Macy turned to the wooden cubicle. The panel facing her was hinged, a roughly cut hole acting as a handle. She eased it open.
Now she knew where the three men had gone. Down. A ladder descended into a shaft, dim lights revealing the bottom over twenty feet below. The hose expelling the generator’s exhaust fumes ran up one corner, the machine now clearly audible.
As were voices.
Getting closer.
Excitement fled Macy, replaced by fear. Someone was running their own secret dig, trying to beat the IHA team into the Hall of Records. Trying to find the Pyramid of Osiris for themselves.
Which meant that if she was caught in here . . . she was in trouble.
What should she do? Tell someone - Berkeley or Hamdi? But Gamal was obviously in on it, and they would believe him over her. She needed proof . . .

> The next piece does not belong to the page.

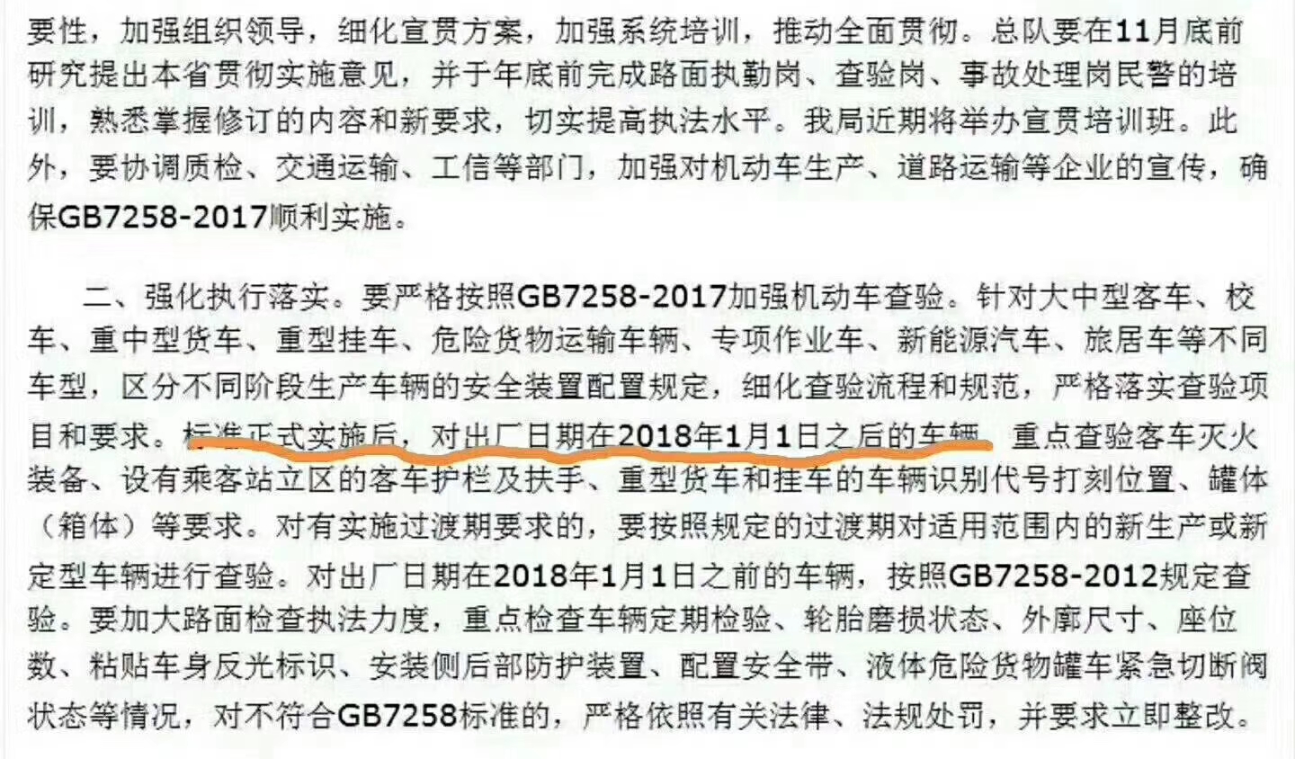 文中劃線部分可以看出,主要是對生產(chǎn)的要求也就是說新車的整車出廠日期(一般也就是合格證的日期)應(yīng)該在2018年1月1日以前。

Weight in her thigh pocket. The camera.
She pulled it out and switched it on. The wait for the lens to extend and the screen to light up had never seemed so long.
A rattling sound from the shaft. Someone climbing the ladder.
Throat tight with rising panic, Macy took a picture of the four papyrus pages, then tipped the camera down to capture the blueprint. Click—
‘What the fuck?’ The shout came from below, the accent American. The guy with the snakeskin jacket. He had seen the flash.
Another shout. The guard outside. Macy heard his footsteps thudding towards the tent. The clattering of the ladder was louder, faster, as the man hurried up it.
She ran—
The guard threw open the tent flap - just as Macy burst through, shoving him aside and sprinting for the temple. She was through the plastic netting before he regained his balance.
‘Hey!’ she shouted, hoping somebody from the IHA dig would hear her, but her voice was drowned out by the light show’s narration. Behind, Shaban screamed orders to catch her.
Fright spurred her on. She rounded the ruin, the shadowed maze of the Temple of the Sphinx spread out below, ominously lit in shards of red and green. Someone was on the walkway—
‘Dr Hamdi!’ Macy cried. ‘Dr Hamdi, help!’
Hamdi stopped, looking bewildered as she leapt over the gap to land in front of him. ‘What is it, miss - Macy, isn’t it?’
‘Back there!’ she gasped. ‘They’re digging, they’re trying to rob the Hall of Records!’
‘What? What are you talking about?’
Macy looked back as the guard ran round the side of the upper temple, slithering to an uncertain halt when he saw Hamdi. ‘That guy with the scar, Shaban, he’s in charge! He’s got a fourth scroll - I took a picture!’ She thumbed a button to bring up the image. ‘Look!’